Supplied material:
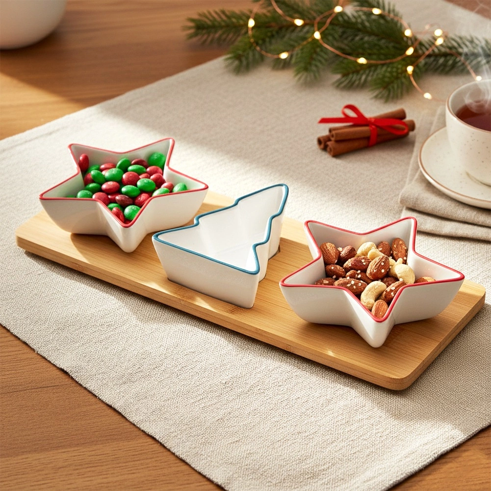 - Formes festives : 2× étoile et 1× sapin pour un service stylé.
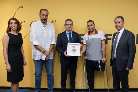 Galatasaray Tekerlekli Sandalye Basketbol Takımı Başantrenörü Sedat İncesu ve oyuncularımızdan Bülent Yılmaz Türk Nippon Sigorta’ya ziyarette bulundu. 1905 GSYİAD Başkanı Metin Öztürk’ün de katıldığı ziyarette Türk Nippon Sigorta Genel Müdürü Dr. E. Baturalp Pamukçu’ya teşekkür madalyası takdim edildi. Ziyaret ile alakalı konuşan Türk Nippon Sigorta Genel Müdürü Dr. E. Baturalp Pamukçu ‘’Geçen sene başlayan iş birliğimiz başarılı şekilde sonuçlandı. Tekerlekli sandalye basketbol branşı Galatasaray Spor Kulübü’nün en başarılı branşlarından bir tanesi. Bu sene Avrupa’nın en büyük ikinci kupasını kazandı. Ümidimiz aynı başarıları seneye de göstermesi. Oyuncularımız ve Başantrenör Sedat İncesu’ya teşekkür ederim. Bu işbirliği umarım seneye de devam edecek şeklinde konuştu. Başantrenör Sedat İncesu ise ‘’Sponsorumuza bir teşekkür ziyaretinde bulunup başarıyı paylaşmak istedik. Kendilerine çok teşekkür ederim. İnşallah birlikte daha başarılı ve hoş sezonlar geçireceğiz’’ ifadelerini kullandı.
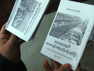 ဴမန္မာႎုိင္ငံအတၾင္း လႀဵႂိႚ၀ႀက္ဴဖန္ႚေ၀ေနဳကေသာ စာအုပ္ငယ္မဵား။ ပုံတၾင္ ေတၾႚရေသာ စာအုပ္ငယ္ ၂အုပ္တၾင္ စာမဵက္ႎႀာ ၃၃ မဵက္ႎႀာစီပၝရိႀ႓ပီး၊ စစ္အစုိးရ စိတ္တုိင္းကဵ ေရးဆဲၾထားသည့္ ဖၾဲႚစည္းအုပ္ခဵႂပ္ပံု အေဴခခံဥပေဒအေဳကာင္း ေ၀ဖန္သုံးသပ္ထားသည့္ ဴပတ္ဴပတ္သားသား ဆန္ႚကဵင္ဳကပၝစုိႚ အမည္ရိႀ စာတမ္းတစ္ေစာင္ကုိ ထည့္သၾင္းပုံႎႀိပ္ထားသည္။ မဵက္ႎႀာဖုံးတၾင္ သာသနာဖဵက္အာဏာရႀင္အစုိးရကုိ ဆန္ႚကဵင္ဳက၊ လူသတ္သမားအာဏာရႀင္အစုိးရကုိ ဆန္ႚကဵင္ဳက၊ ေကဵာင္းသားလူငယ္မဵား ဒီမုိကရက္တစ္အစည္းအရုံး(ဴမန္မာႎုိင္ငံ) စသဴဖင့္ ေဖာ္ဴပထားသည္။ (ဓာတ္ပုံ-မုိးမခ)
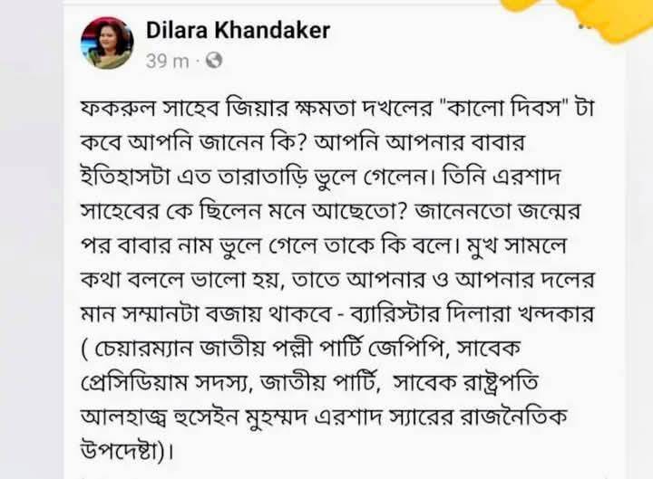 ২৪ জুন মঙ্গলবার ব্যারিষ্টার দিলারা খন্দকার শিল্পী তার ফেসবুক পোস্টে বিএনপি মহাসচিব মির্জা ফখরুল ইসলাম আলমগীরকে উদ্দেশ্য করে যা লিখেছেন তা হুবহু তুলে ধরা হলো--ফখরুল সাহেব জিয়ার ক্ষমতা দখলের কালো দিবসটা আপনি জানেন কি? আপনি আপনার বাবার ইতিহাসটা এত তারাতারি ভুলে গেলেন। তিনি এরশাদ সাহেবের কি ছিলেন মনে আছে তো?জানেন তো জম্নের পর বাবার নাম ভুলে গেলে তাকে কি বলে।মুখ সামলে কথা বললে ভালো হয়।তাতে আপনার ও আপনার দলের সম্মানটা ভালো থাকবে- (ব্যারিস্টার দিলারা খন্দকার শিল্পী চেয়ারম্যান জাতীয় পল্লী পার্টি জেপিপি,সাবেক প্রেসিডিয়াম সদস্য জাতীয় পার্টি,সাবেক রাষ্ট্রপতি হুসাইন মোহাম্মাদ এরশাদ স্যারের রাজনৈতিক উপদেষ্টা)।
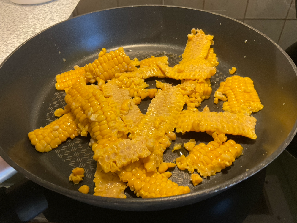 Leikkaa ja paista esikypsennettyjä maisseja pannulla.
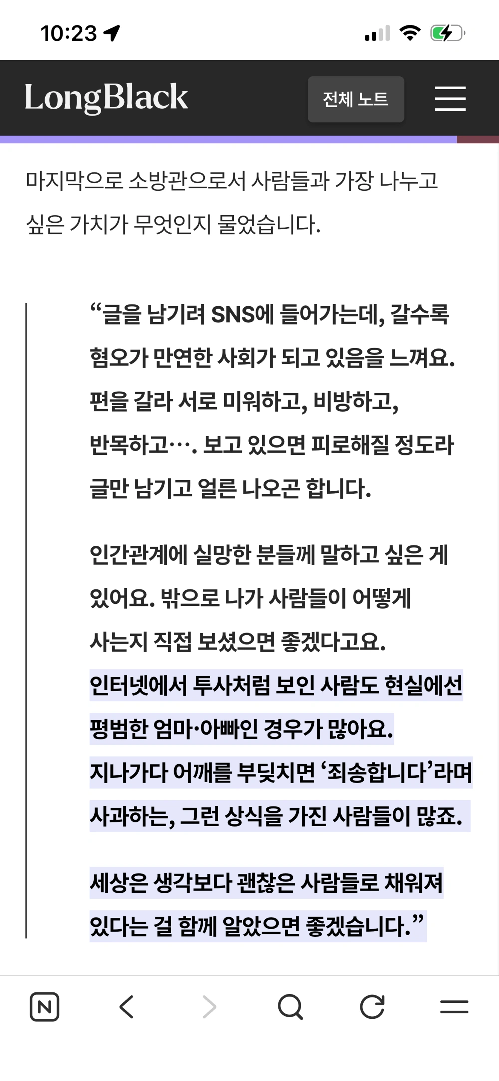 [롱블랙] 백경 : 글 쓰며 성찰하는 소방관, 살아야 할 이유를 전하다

Exercise directions: Repeat the records exactly but leave out the images.

Solution:
 - Formes festives : 2× étoile et 1× sapin pour un service stylé.
 Galatasaray Tekerlekli Sandalye Basketbol Takımı Başantrenörü Sedat İncesu ve oyuncularımızdan Bülent Yılmaz Türk Nippon Sigorta’ya ziyarette bulundu. 1905 GSYİAD Başkanı Metin Öztürk’ün de katıldığı ziyarette Türk Nippon Sigorta Genel Müdürü Dr. E. Baturalp Pamukçu’ya teşekkür madalyası takdim edildi. Ziyaret ile alakalı konuşan Türk Nippon Sigorta Genel Müdürü Dr. E. Baturalp Pamukçu ‘’Geçen sene başlayan iş birliğimiz başarılı şekilde sonuçlandı. Tekerlekli sandalye basketbol branşı Galatasaray Spor Kulübü’nün en başarılı branşlarından bir tanesi. Bu sene Avrupa’nın en büyük ikinci kupasını kazandı. Ümidimiz aynı başarıları seneye de göstermesi. Oyuncularımız ve Başantrenör Sedat İncesu’ya teşekkür ederim. Bu işbirliği umarım seneye de devam edecek şeklinde konuştu. Başantrenör Sedat İncesu ise ‘’Sponsorumuza bir teşekkür ziyaretinde bulunup başarıyı paylaşmak istedik. Kendilerine çok teşekkür ederim. İnşallah birlikte daha başarılı ve hoş sezonlar geçireceğiz’’ ifadelerini kullandı.
 ဴမန္မာႎုိင္ငံအတၾင္း လႀဵႂိႚ၀ႀက္ဴဖန္ႚေ၀ေနဳကေသာ စာအုပ္ငယ္မဵား။ ပုံတၾင္ ေတၾႚရေသာ စာအုပ္ငယ္ ၂အုပ္တၾင္ စာမဵက္ႎႀာ ၃၃ မဵက္ႎႀာစီပၝရိႀ႓ပီး၊ စစ္အစုိးရ စိတ္တုိင္းကဵ ေရးဆဲၾထားသည့္ ဖၾဲႚစည္းအုပ္ခဵႂပ္ပံု အေဴခခံဥပေဒအေဳကာင္း ေ၀ဖန္သုံးသပ္ထားသည့္ ဴပတ္ဴပတ္သားသား ဆန္ႚကဵင္ဳကပၝစုိႚ အမည္ရိႀ စာတမ္းတစ္ေစာင္ကုိ ထည့္သၾင္းပုံႎႀိပ္ထားသည္။ မဵက္ႎႀာဖုံးတၾင္ သာသနာဖဵက္အာဏာရႀင္အစုိးရကုိ ဆန္ႚကဵင္ဳက၊ လူသတ္သမားအာဏာရႀင္အစုိးရကုိ ဆန္ႚကဵင္ဳက၊ ေကဵာင္းသားလူငယ္မဵား ဒီမုိကရက္တစ္အစည္းအရုံး(ဴမန္မာႎုိင္ငံ) စသဴဖင့္ ေဖာ္ဴပထားသည္။ (ဓာတ္ပုံ-မုိးမခ)
 ২৪ জুন মঙ্গলবার ব্যারিষ্টার দিলারা খন্দকার শিল্পী তার ফেসবুক পোস্টে বিএনপি মহাসচিব মির্জা ফখরুল ইসলাম আলমগীরকে উদ্দেশ্য করে যা লিখেছেন তা হুবহু তুলে ধরা হলো--ফখরুল সাহেব জিয়ার ক্ষমতা দখলের কালো দিবসটা আপনি জানেন কি? আপনি আপনার বাবার ইতিহাসটা এত তারাতারি ভুলে গেলেন। তিনি এরশাদ সাহেবের কি ছিলেন মনে আছে তো?জানেন তো জম্নের পর বাবার নাম ভুলে গেলে তাকে কি বলে।মুখ সামলে কথা বললে ভালো হয়।তাতে আপনার ও আপনার দলের সম্মানটা ভালো থাকবে- (ব্যারিস্টার দিলারা খন্দকার শিল্পী চেয়ারম্যান জাতীয় পল্লী পার্টি জেপিপি,সাবেক প্রেসিডিয়াম সদস্য জাতীয় পার্টি,সাবেক রাষ্ট্রপতি হুসাইন মোহাম্মাদ এরশাদ স্যারের রাজনৈতিক উপদেষ্টা)।
 Leikkaa ja paista esikypsennettyjä maisseja pannulla.
 [롱블랙] 백경 : 글 쓰며 성찰하는 소방관, 살아야 할 이유를 전하다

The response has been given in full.